▸ **Data below**:
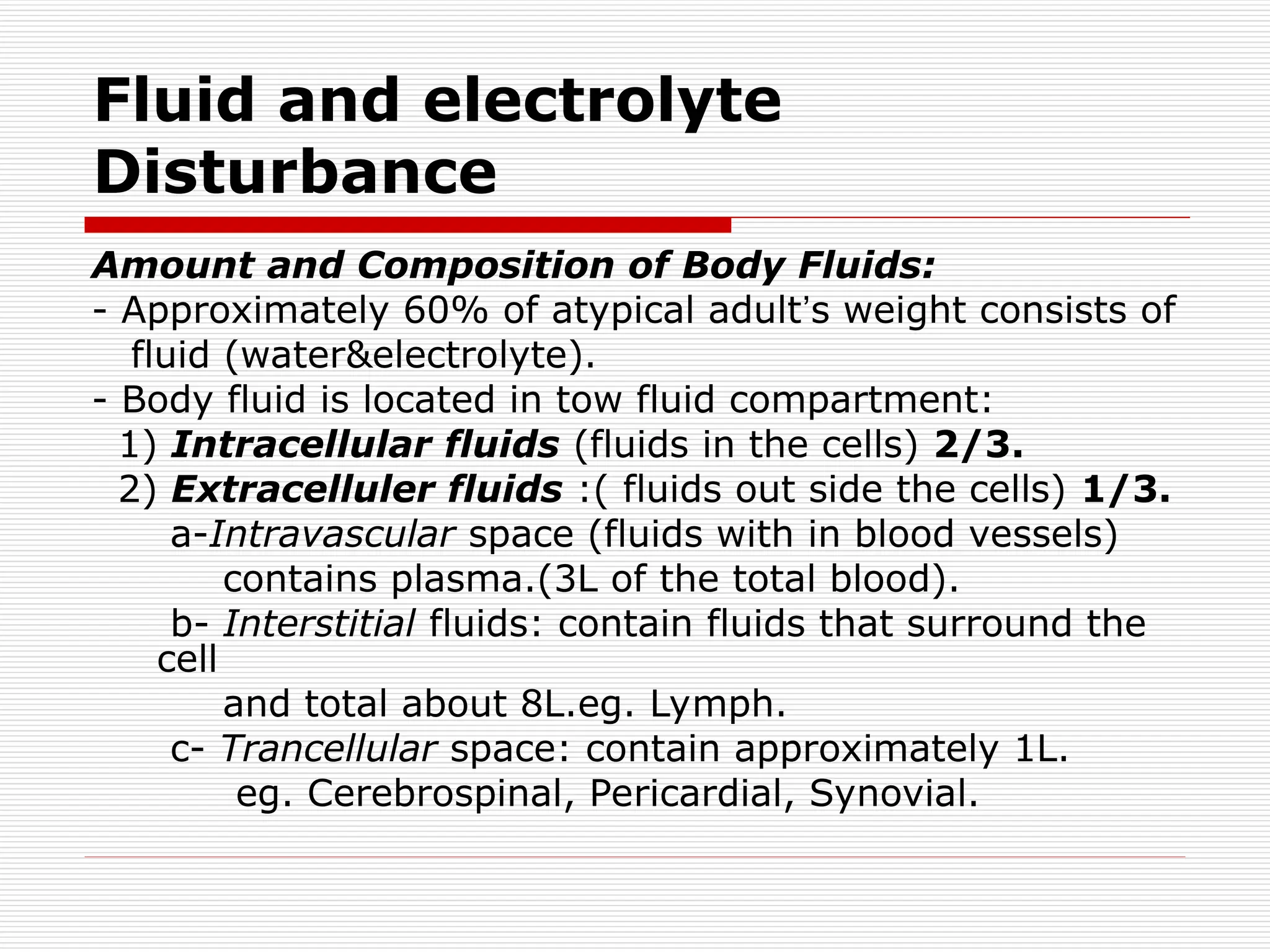 2) Extracelluler fluids :( fluids out side the cells) 1/3.
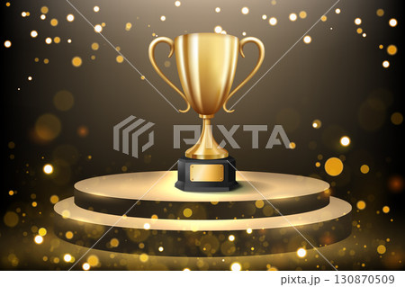 Shiny Golden Trophy on Luxury Podium with Flying Particles, Victory Celebration, Vector Illustration
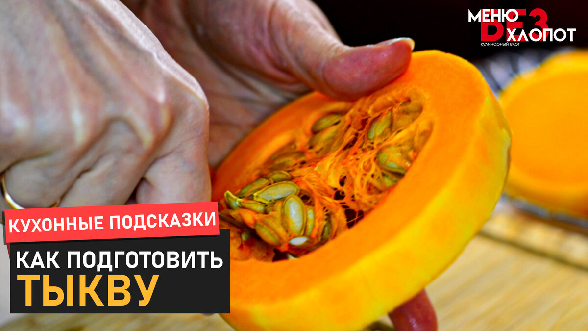 Тыква - очень полезный продукт. С ней можно готовить как основные, так и десертные блюда. Самым сложным в ее приготовлении для многих людей является нарезка. Пару полезных советов помогут Вам справиться с этой проблемой! Сначала хорошо ее моем, обрезаем хвостик и противоположную часть. Нарезаем на поперечные кольца, толщиной 2,5-3,5 см. Если тыква круглая, ее можно нарезать на дольками, как арбуз или пелюстками, как капусту (как нарезать капусту на пелюстки смотрите по ссылке). Корку каждого колечка чистим ножом, как обычные овощи. Кольца с семенами вычищаем сначала изнутри используя удобный нож, а затем чистим кожуру снаружи. Очищенную тыкву режем удобными кусками и натираем на терке или нарезаем произвольно ножом. На нашем канале Вы можете найти другие полезные совы, видео-рецепты и карточки с рецептами в Вашу копилочку. Достаточно в поиске YouTube ввести МЕНЮ БЕЗ ХЛОПОТ. Не забудьте подписаться, чтобы не пропустить новое видео и забрать карточку! Так Вы не только соберёте ко

▸ **Exercise directions**: The material must be returned exactly, with its pictures omitted.

▸ **Answer space**:
 2) Extracelluler fluids :( fluids out side the cells) 1/3.
 Shiny Golden Trophy on Luxury Podium with Flying Particles, Victory Celebration, Vector Illustration
 Тыква - очень полезный продукт. С ней можно готовить как основные, так и десертные блюда. Самым сложным в ее приготовлении для многих людей является нарезка. Пару полезных советов помогут Вам справиться с этой проблемой! Сначала хорошо ее моем, обрезаем хвостик и противоположную часть. Нарезаем на поперечные кольца, толщиной 2,5-3,5 см. Если тыква круглая, ее можно нарезать на дольками, как арбуз или пелюстками, как капусту (как нарезать капусту на пелюстки смотрите по ссылке). Корку каждого колечка чистим ножом, как обычные овощи. Кольца с семенами вычищаем сначала изнутри используя удобный нож, а затем чистим кожуру снаружи. Очищенную тыкву режем удобными кусками и натираем на терке или нарезаем произвольно ножом. На нашем канале Вы можете найти другие полезные совы, видео-рецепты и карточки с рецептами в Вашу копилочку. Достаточно в поиске YouTube ввести МЕНЮ БЕЗ ХЛОПОТ. Не забудьте подписаться, чтобы не пропустить новое видео и забрать карточку! Так Вы не только соберёте ко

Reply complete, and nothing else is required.